Besides the meeting in New York, Brazil has held a road show for investors in London and sent envoys to Russia and China in search of railway builders. Government officials have also met with agribusiness giants Cargill and Louis Dreyfus to see if they want to get involved in railroad concessions.
And the government has made more financing available at subsidized interest rates to reduce investors' risks.
The strategy has attracted investors for roads and airports, but not train lines.
LOSING COMPETITIVE ADVANTAGE
Sao Paulo officials were stunned last month when they failed to draw a single bid to build a badly needed new subway line for South America's largest city, which has the poorest train service among the world's major metropolises.
Then for the third time, Brazil had to postpone an auction of rights to build a 420-km (260-mile) high-speed train line linking Sao Paulo and Rio de Janeiro. Only one consortium showed up to bid for the 38-billion-real megaproject.
Where Brazil needs railroads most, however, is in its farm belt. The nation ranks first in soy and second in corn exports, but as the agricultural frontier moves inland over savanna plains leading to the Amazon basin, an unwieldy transportation system is undermining its competitive advantage.
Brazil produces soy more cheaply than the United States, but by the time the grain gets aboard a ship, it is more expensive because it must be carried by truck for days along potholed roads to congested ports.
Twelve new sections of freight lines are planned to ease Brazil's bottlenecks by opening routes for grain shipments to ports in northern Brazil. But it remains unclear who will build them.

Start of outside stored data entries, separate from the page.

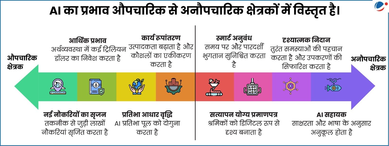 • AI द्वारा भारतीय अर्थव्यवस्था के लिए चुनौती एवं अवसर प्रस्तुत करना: यह पारंपरिक औपचारिक नौकरियों को प्रभावित कर रहा है, वहीं दूसरी ओर यह भारत के विशाल अनौपचारिक कार्यबल को औपचारिक बनाने और उसकी उत्पादकता बढ़ाने का अभूतपूर्व अवसर भी प्रदान करता है।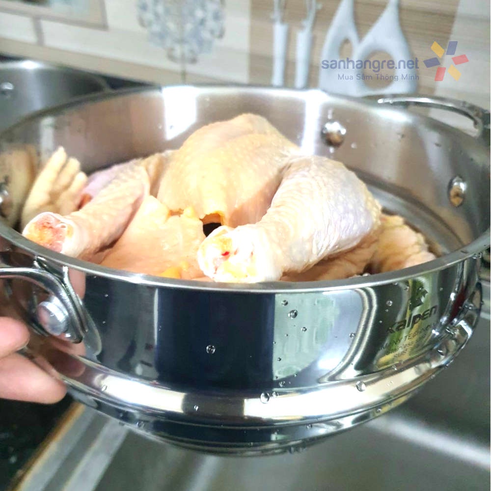 - Đáy Xửng hấp inox 304 thông minh kalpen có lổ thoát khí bé giúp bạn có thể đồ sôi hoặc hấp các loại hạt có kích thước bé một cách dễ dàng.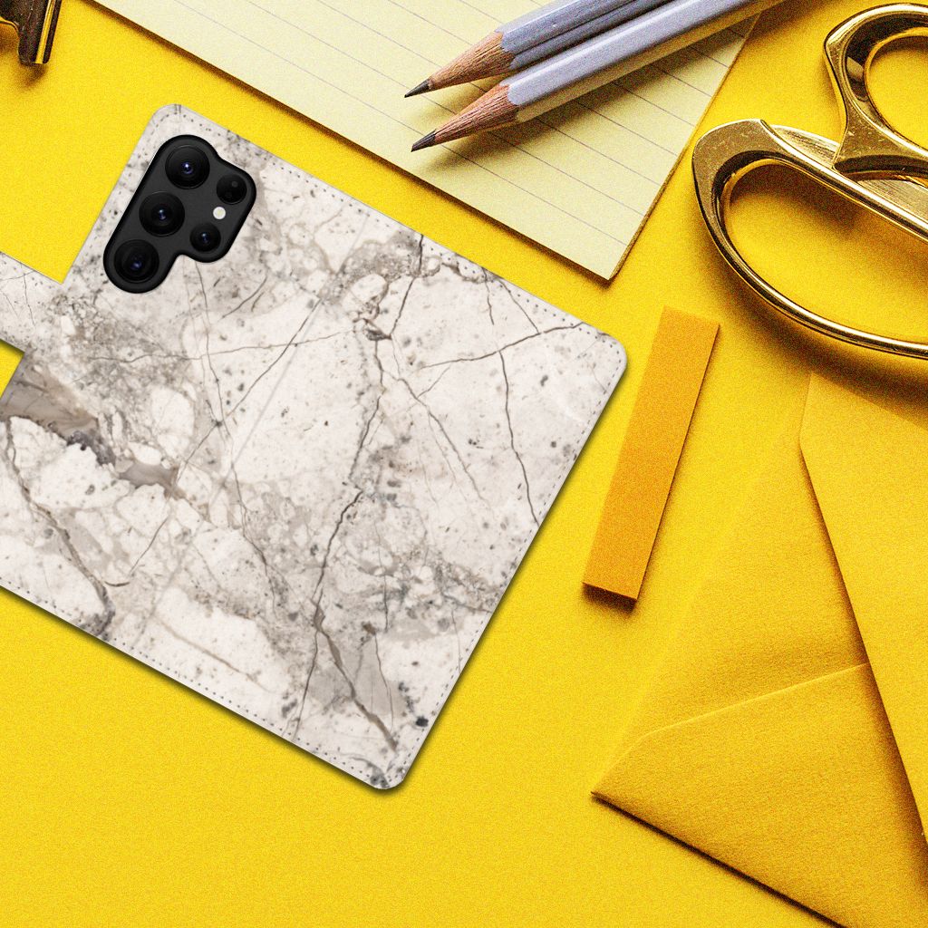 Samsung Galaxy S23 Ultra Bookcase met pasjes Marmer Beige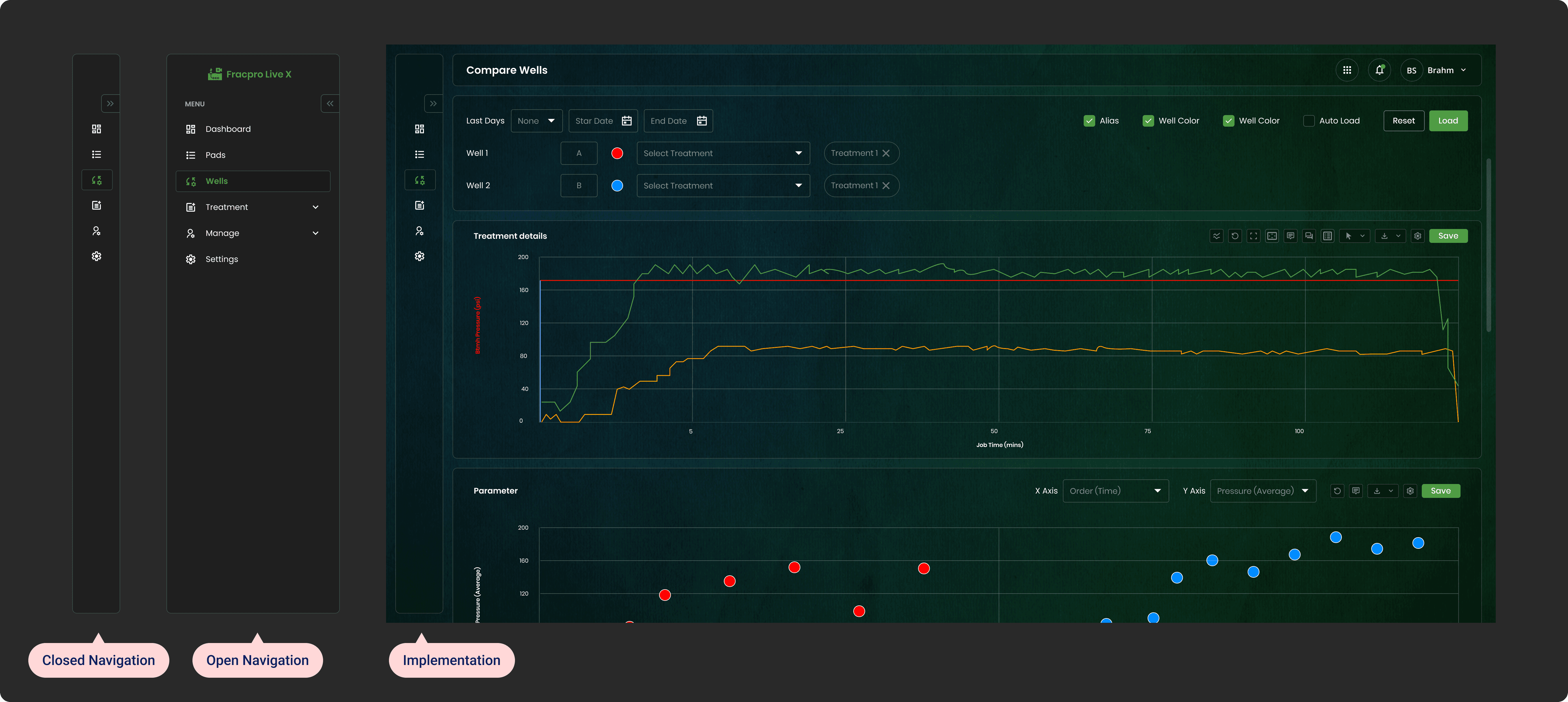 Legacy tools often bury critical features inside nested dropdowns (e.g., File > Open > Simulation > Live). We moved to a permanent, collapsed Left Sidebar. This maximizes the horizontal screen real estate—crucial for viewing wide-pressure graphs—while keeping the primary modules (Wells, Treatment, Settings) reachable with a single click.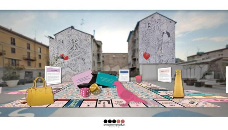 L’installazione vuole celebrare la città di Milano e le tante donne, milanesi di nascita o adozione, che la rendono speciale e unica al giorno d’oggi. Progettomenodue, lo studio di decorative design tutto al femminile fondato Sara Delfanti e Emanuela Tarlocco specializzato in allestimenti dal forte impatto visivo, ha creato una scenografia ispirata ad un classico gioco da tavolo, rivisitato per l’occasione in formato gigante, con le pedine in stampa 3D che richiamano oggetti della “milanesità”: la borsa (la moda), il piccione (le piazze e gli spazi collettivi), il panettone (la cultura gastronomica).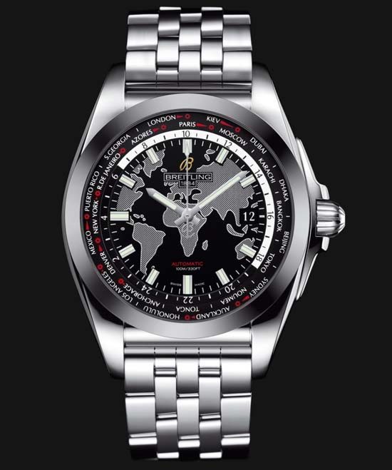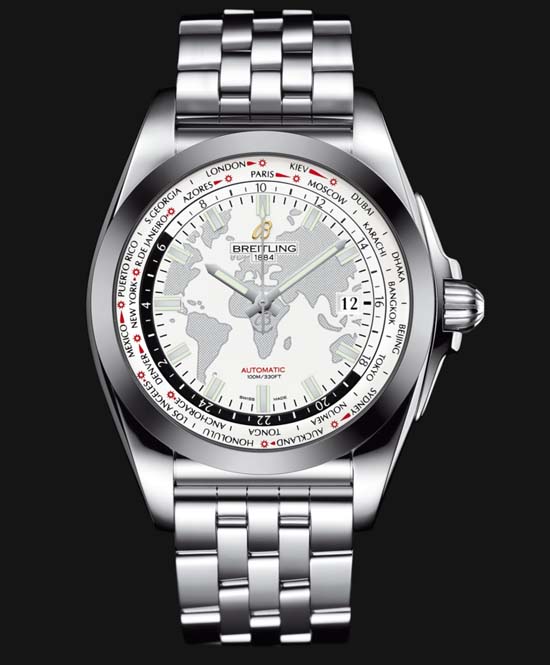 Breitling introduced another new timepiece today, the Galactic Unitime SleekT, a sporty, travel-friendly and sophisticated watch. Featuring a 44mm Steel with tungsten carbide bezel the timepiece is available in two versions Trophy Black and Antarctica White dial. Inside is a technical breakthrough, the new selfwinding worldtime movement B35 “in-house” caliber with 41 jewels, beating 28 800 v.p.h and a power reserve of Min. 70 hrs. Completing the ensemble is a pilot steel strap. I always like it when Breitling gives a nod to its heritage. NO word on price yet. TBA

In New York with Rousseff this week, Finance Minister Guido Mantega said the first section to be auctioned on October 18 had a fixed rate of return of 8.5 percent and that the state would guarantee cargo volumes.
That is where the problem starts, says Adriano Pires, who heads an infrastructure consulting firm in Rio de Janeiro. "You have to allow the market to establish the rate of return," he said. "It can't be fixed by the government."
Entrepreneurs have also been put off by Brazil's plan to have a state company buy and sell all cargo space. Rousseff has touted this as a guarantee that railroad operators will never lack demand for their services, but the private sector sees it as a recipe for a bureaucratic disaster.
"It's a government engineering office that plans and builds railroads, but they have absolutely no experience in train cargo sales," said Peter Wanke, a logistics expert at the Federal University of Rio de Janeiro's COPPEAD Business School.
Lobbyist Vilaça is pressing the government to adopt the open access system for freight trains used in the United States, where supply and demand are left to market forces, without state involvement.
Brazil's federal audit court has questioned the lack of clarity of the concession model, which may force the government to postpone the October 18 auction.